- [TRY IT]: Your task is to retype every entry exactly while omitting the pictures.

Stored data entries

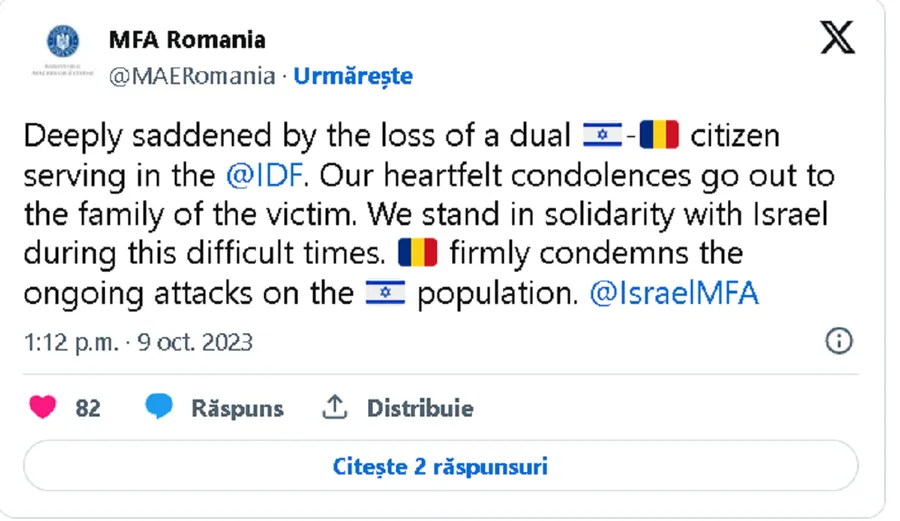 „Profund întristați de pierderea unui cetățean cu dublă cetățenie care deservește în armata israeliană. Sincere condoleanțe familiei victimei. Suntem solidari cu Israelul în aceste vremuri dificile. România condamnă ferm atacurile în curs asupra populației Israelului”, a transmis MAE.
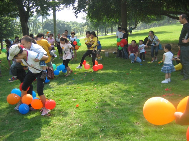 游戲規(guī)則:每個(gè)家庭由一名家長和一名孩子參加,由工作人員給參與的每個(gè)家庭發(fā)三個(gè)氣球和一根細(xì)繩,請(qǐng)家長將氣球吹大綁在自己的腳腕,身背孩子。聽到主持人的口令游戲開始,家長就背著寶寶踩其他家庭的氣球,在互相踩氣球的同時(shí),首先要注意安全,其次要保護(hù)自己的氣球,還要將別的家庭的氣球踩破,氣球被踩爆即被淘汰,比一比誰是冠軍。
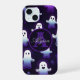 Um padrão mesmerizante com fantasmas brilhantes adoráveis em tons de roxo e branco, flutuando sobre um fundo da noite escura. O brilho etéreo acrescenta um toque mágico, perfeito para capturar o espírito lúdico do Dia das Bruxas.
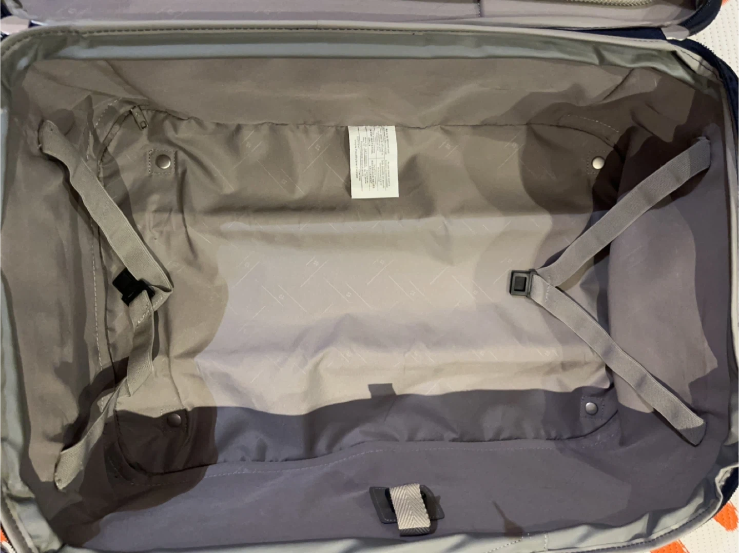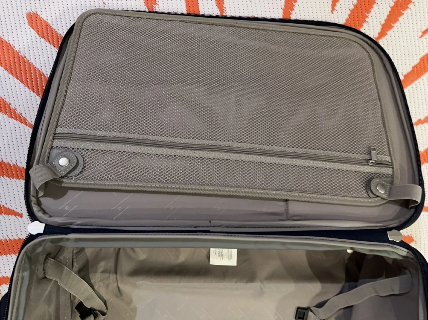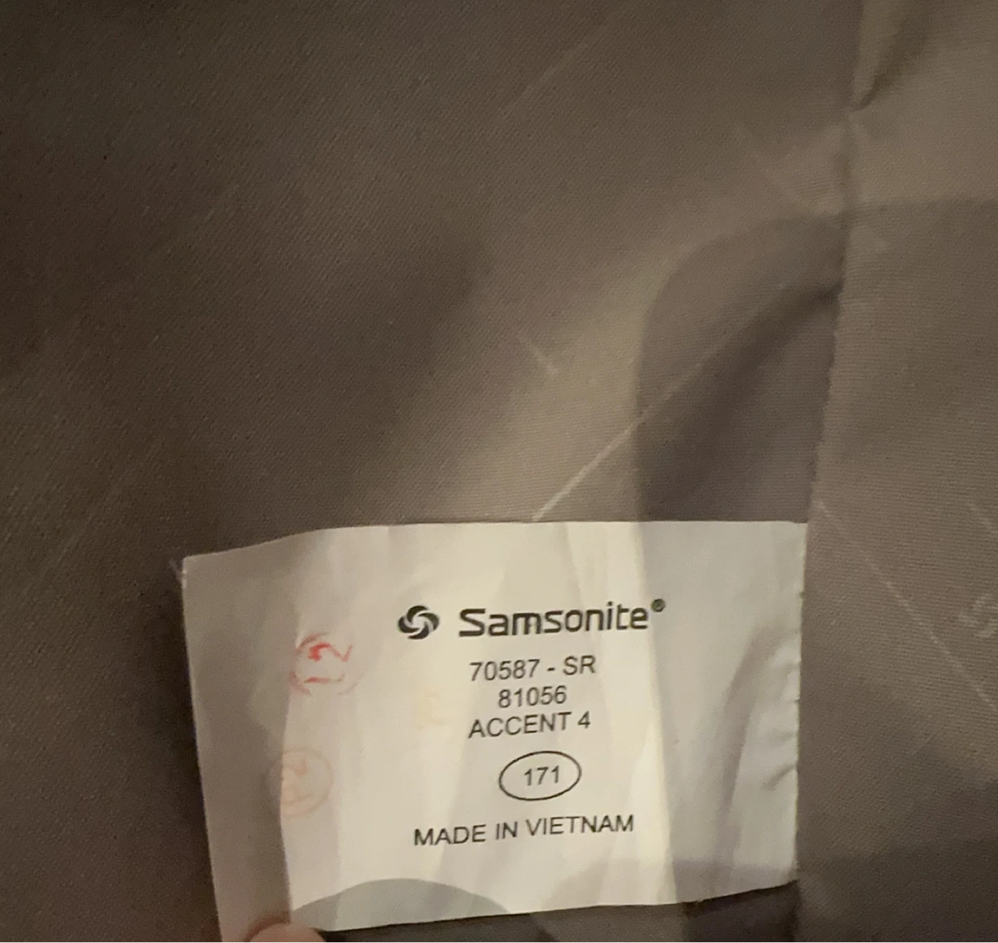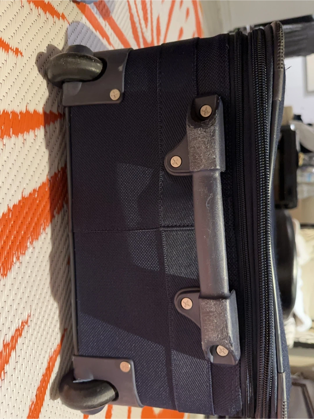 This is a Samsonite navy blue rolling suitcase. It measures approximately 25 inches tall and 17 inches wide. It's made of durable fabric and features smooth-rolling wheels. Only used one time short trip.
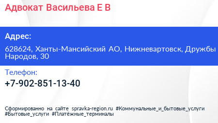 Адвокат Васильева Е.В. по адресу 628624, Ханты-Мансийский АО, Нижневартовск, Дружбы Народов, 30 в дальнейшем Организация, размещена в следующих категориях:
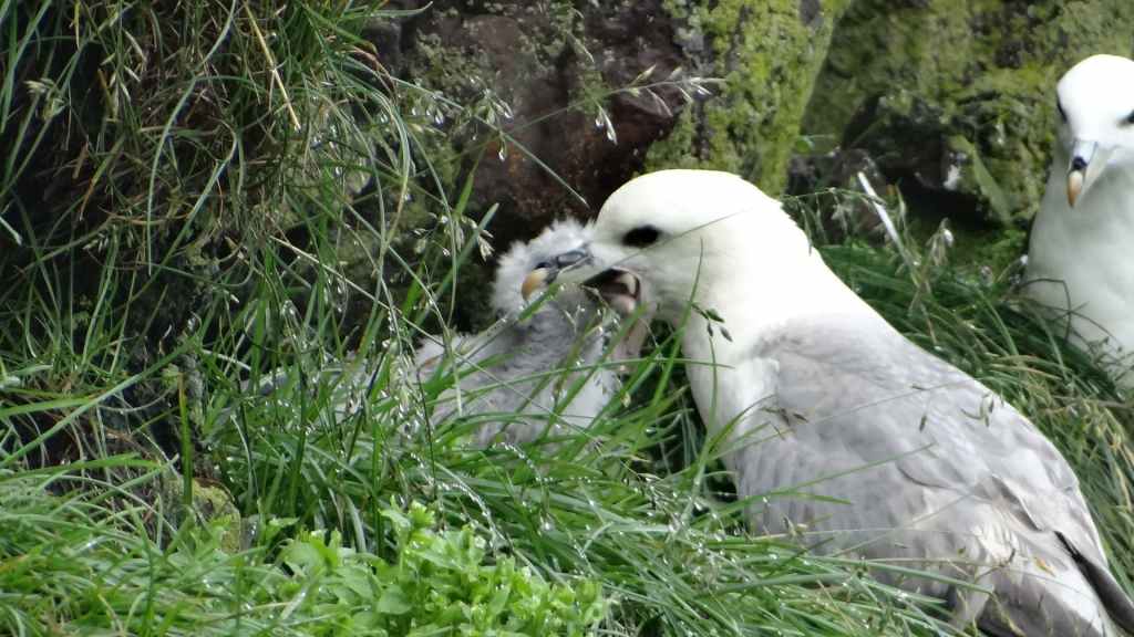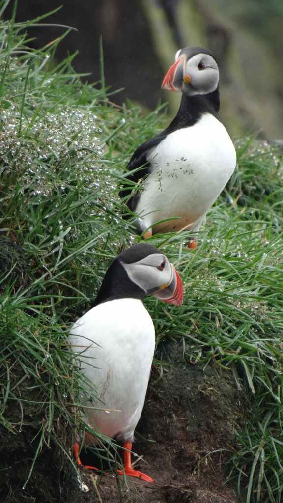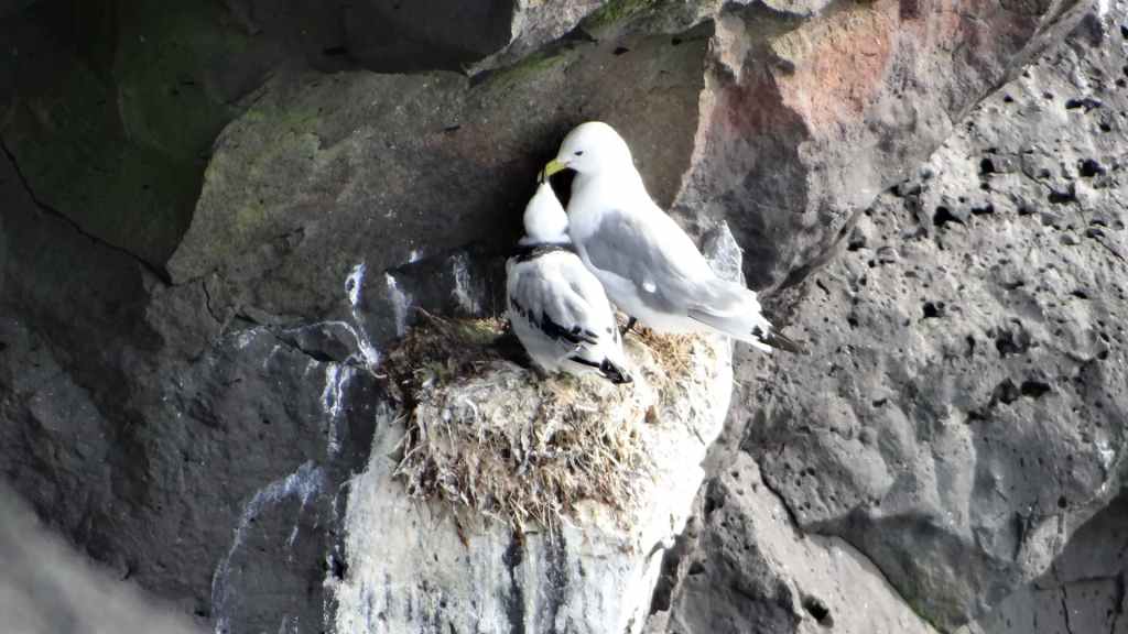 Nous parcourons la route et nos premières pistes pour rejoindre le village de Bakkagerdi situé en bord d’océan. La pluie s’arrête juste pour nous permettre d’observer ces jolis et sympathiques macareux mais également des mouettes en plein nourrissage de leur progéniture.

- [EXERCISE RESPONSE]:
 „Profund întristați de pierderea unui cetățean cu dublă cetățenie care deservește în armata israeliană. Sincere condoleanțe familiei victimei. Suntem solidari cu Israelul în aceste vremuri dificile. România condamnă ferm atacurile în curs asupra populației Israelului”, a transmis MAE.
 游戲規(guī)則:每個(gè)家庭由一名家長和一名孩子參加,由工作人員給參與的每個(gè)家庭發(fā)三個(gè)氣球和一根細(xì)繩,請(qǐng)家長將氣球吹大綁在自己的腳腕,身背孩子。聽到主持人的口令游戲開始,家長就背著寶寶踩其他家庭的氣球,在互相踩氣球的同時(shí),首先要注意安全,其次要保護(hù)自己的氣球,還要將別的家庭的氣球踩破,氣球被踩爆即被淘汰,比一比誰是冠軍。
 Um padrão mesmerizante com fantasmas brilhantes adoráveis em tons de roxo e branco, flutuando sobre um fundo da noite escura. O brilho etéreo acrescenta um toque mágico, perfeito para capturar o espírito lúdico do Dia das Bruxas.
 This is a Samsonite navy blue rolling suitcase. It measures approximately 25 inches tall and 17 inches wide. It's made of durable fabric and features smooth-rolling wheels. Only used one time short trip.
 Адвокат Васильева Е.В. по адресу 628624, Ханты-Мансийский АО, Нижневартовск, Дружбы Народов, 30 в дальнейшем Организация, размещена в следующих категориях:
 Nous parcourons la route et nos premières pistes pour rejoindre le village de Bakkagerdi situé en bord d’océan. La pluie s’arrête juste pour nous permettre d’observer ces jolis et sympathiques macareux mais également des mouettes en plein nourrissage de leur progéniture.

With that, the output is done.